Paste your existing objectives into Claude and ask it to flag any that use unmeasurable verbs or that you could not verify a student achieved without their self-report. It will identify the weak ones and rewrite them on request.
The Measurability Test
A measurable learning objective passes a simple test: can you observe whether a student achieved it without asking them? If the only way to know is to ask “Did you understand that?” — and hope for an honest answer — the objective is not measurable. It relies on self-report, which is notoriously unreliable as evidence of learning.
Observable objectives produce evidence you can see. A student either wrote the email or did not. They either completed the exercise or skipped it. They either answered the question correctly in the quiz or gave the wrong answer. These outcomes are visible without asking. That visibility is what makes the objective measurable — and what makes your teaching accountable to something real.
The AI Audit Process
Open a new Claude conversation and paste this: “Here are the learning objectives from my course. For each one, tell me: (1) Is the verb measurable and observable? (2) Would I be able to verify whether a student achieved this without relying on their self-report? (3) If the objective is weak, rewrite it with a stronger verb and a specific output the student produces. Here are the objectives: [paste your list].”
Claude will work through the list systematically. Objectives with verbs like “understand,” “appreciate,” “know,” “become familiar with,” or “learn about” will be flagged immediately — these are the classic unmeasurable verbs that appear constantly in courses built before educators learned to think in outcomes. The rewrites Claude suggests typically take those vague verbs and replace them with “write,” “complete,” “identify,” “demonstrate,” “configure,” “produce,” or similar action words that point to a specific, observable result.
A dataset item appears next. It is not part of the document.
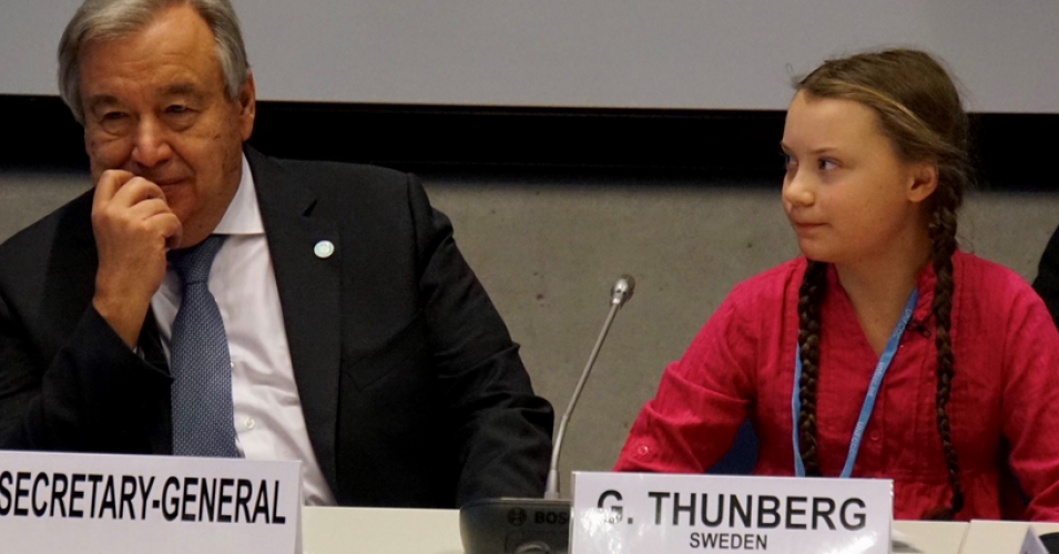 Greta Thunberg, the young climate activist who shot to global prominence in 2018, next to UNSG Antonio António Guterres at COP24 / Photo: Prachatai

The most common fix is adding a deliverable. “Students will understand FluentCRM email sequences” becomes “Students will have configured a three-email welcome sequence in FluentCRM with correct trigger settings by the end of the module.” Same topic, completely different verifiability.
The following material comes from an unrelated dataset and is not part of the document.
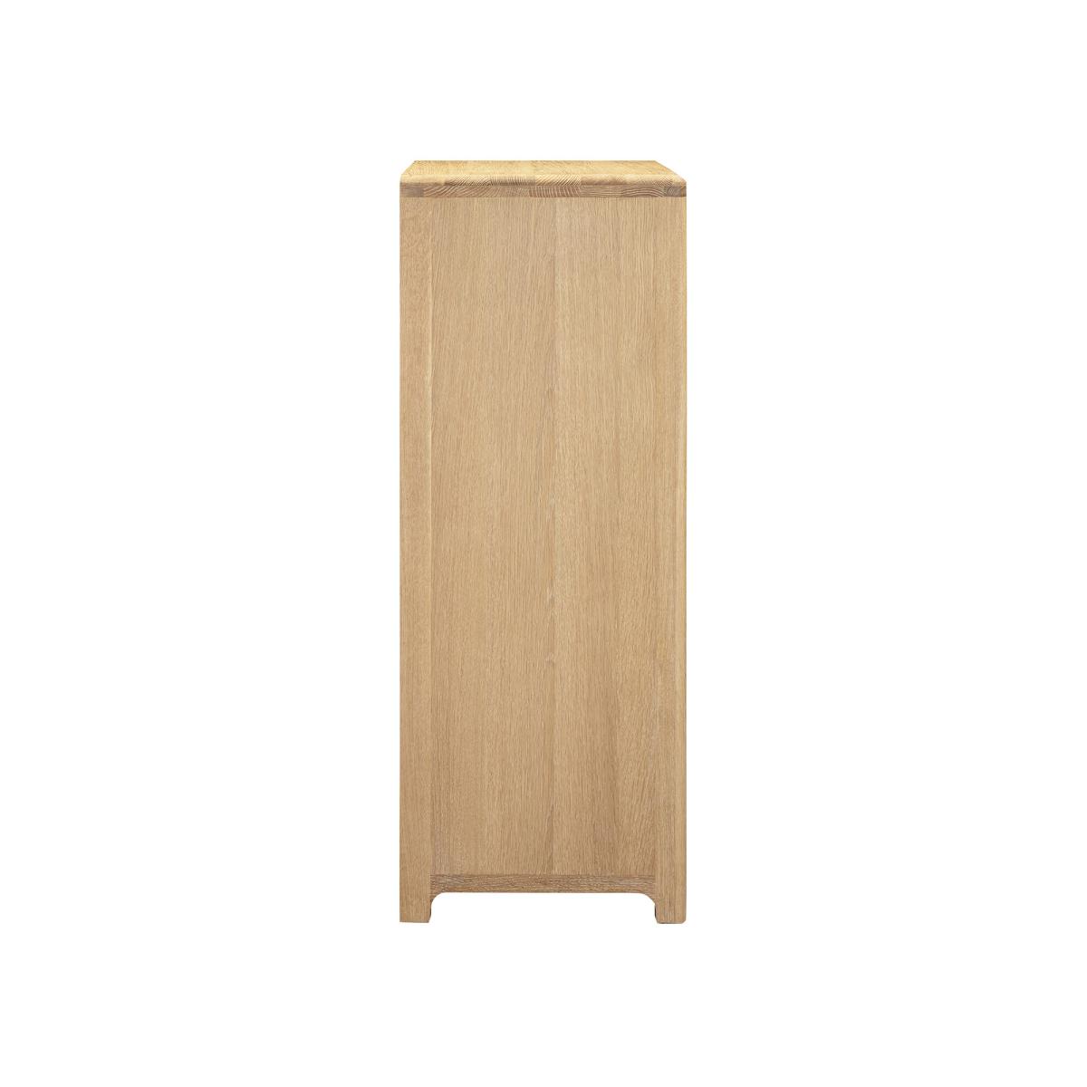 This 2 over 3 drawer oak chest combines practicality with timeless style. Crafted from oak with a natural finish, it showcases the wood’s beautiful grain while bringing warmth and character to any space. The two smaller felt-lined top drawers are perfect for organising smaller items, while the three larger felt-lined drawers below provide ample storage for clothes, accessories, or essentials. With its clean lines and versatile design, this chest is a stylish, functional addition to any room.

What This Means for Educators
Running this audit on an existing course takes about fifteen minutes and usually surfaces three to five weak objectives that have been quietly undermining your lesson design. Fixing them does not always mean rewriting the lesson — sometimes it just means being more explicit about the deliverable students produce. That small change makes the lesson clearer to teach, easier to evaluate, and more satisfying for students who like knowing when they have succeeded.
The Simple Rule
Ask yourself: could a fly on the wall verify this objective without hearing what the student says? If not, the verb is wrong. Paste the list into Claude and let it do the audit in seconds.